Validate the emitters by checking the metadata banner for seed, version, and digest.

Recipe 2 — Adjust pytest fixture style and scope

Switch fixture ergonomics without editing generated code.

pfg gen fixtures ./models.py \
  --out tests/fixtures/test_models.py \
  --style factory \
  --scope session \
  --cases 5 \
  --return-type dict
  • --style accepts functions, factory, or class. Pick the format that matches your test suite guidelines.
  • --scope accepts function, module, or session. Choose wider scopes to reuse expensive models.
  • --cases parametrises fixtures with deterministic data; indexes become request.param.
  • --return-type dict converts fixtures into dictionaries for JSON-like assertions.

Pair this recipe with Ruff’s formatter or pytest --fixtures to verify output.

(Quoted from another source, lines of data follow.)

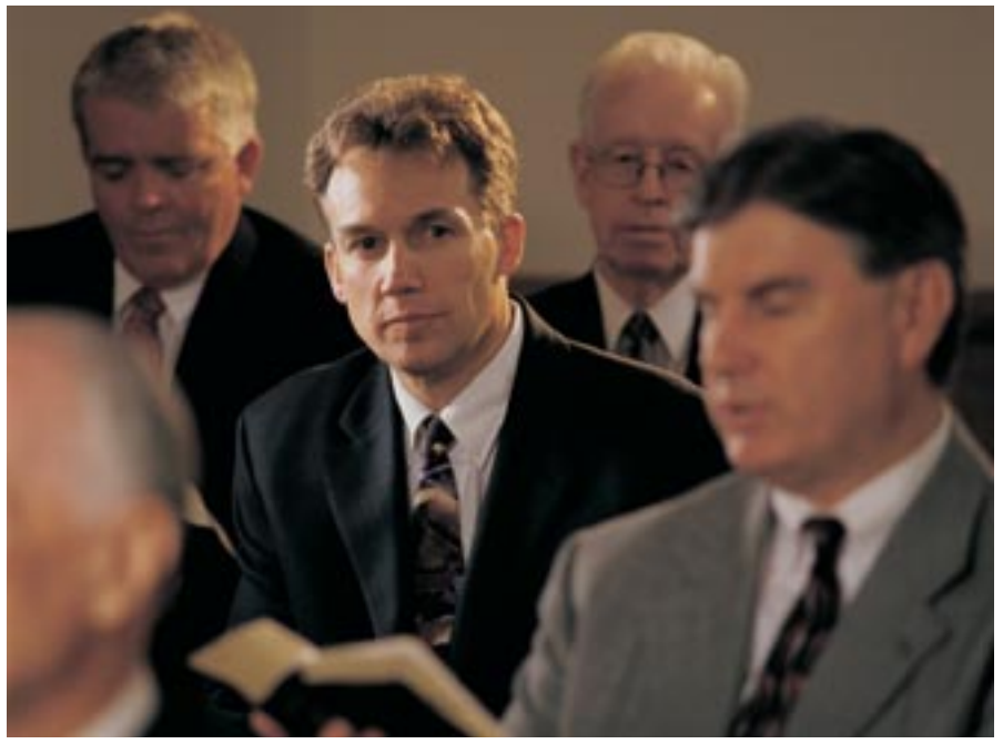
ภาพ: ภาพถ่ายโดยมิทธีว โรเจอร์ ใช้ผู้แสดงแบบ

เอ็ดเดอร์ ฮอลแลนด์: นั่นเป็นประเด็นที่ดี คุณจะอย่างไรถ้ามันเป็นสิ่งที่คุณ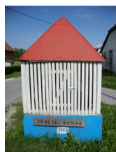
Stari školski bunar bio je veselo obojan, ali dotrajavao i opasan

“Školski bunar” posljednji je put obnovljen 1925. i godinama su ga koristila djeca jer se nalazi u blizini Stare škole. No, zub vremena ga je ošteti. Temelj je napukao, a gornji drveni dio i krov su se nakrivili, pa više nije siguran za korištenje. Osim toga, kako u Graboštanima ne postoji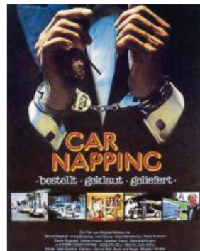
38 Millionen Menschen sahen „Car Napping“.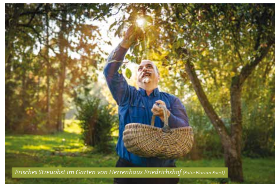
Frisches Streuobst im Garten von Herrenhaus Friedrichshof

Hier hat sich beginnend mit der Ostkolonisation im 12. Jahrhundert eine Kultur- und Naturlandschaft entwickelt, die einzigartig in Europa ist. Ende des 18. Jhd. war der großflächige adelige Gutsbetrieb bereits das bestimmende Element in der mecklenburgischen Landschaft.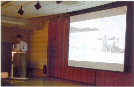
BGMにのり大正時代の白良浜の風景から始まる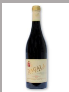
Dagala del Barone

Recipe 3 — Freeze seeds for reproducible CI diffs

Keep generated data stable across machines by freezing per-model seeds.

pfg gen json ./models.py \
  --out ./out/users.json \
  --freeze-seeds \
  --freeze-seeds-file .pfg-seeds.json
  • The freeze file stores model digests and derived seeds.
  • When digests change, the CLI prints seed_freeze_stale warnings so you can review updated fixtures.
  • Combine with --preset boundary to explore edge cases while staying deterministic.

Review the freeze file:

{
  "version": 1,
  "models": {
    "app.models.User": {
      "seed": 412067183,
      "model_digest": "8d3db06f…"
    }
  }
}

Commit the file to source control when you want cross-team consistency.

Recipe 4 — Register a custom provider via Pluggy

Extend generation without forking core code.

# plugins/nickname_boost.py
from pydantic import BaseModel
from pydantic_fixturegen.plugins.hookspecs import hookimpl
class NicknameBoost:
    @hookimpl
    def pfg_modify_strategy(self, model: type[BaseModel], field_name: str, strategy):
        if model.__name__ == "User" and field_name == "nickname":
            return strategy.model_copy(update={"p_none": 0.1})
        return None
plugin = NicknameBoost()

Register the plugin and run generation:

from pydantic_fixturegen.core.providers import create_default_registry
from pydantic_fixturegen.plugins.loader import register_plugin
from plugins.nickname_boost import plugin
registry = create_default_registry(load_plugins=False)
register_plugin(registry, plugin)
  • The hook returns a modified strategy for the matching field; return None to fall back to defaults.
  • Use entry points under pydantic_fixturegen for discovery in packages.
  • Inspect the effect with pfg gen explain --tree.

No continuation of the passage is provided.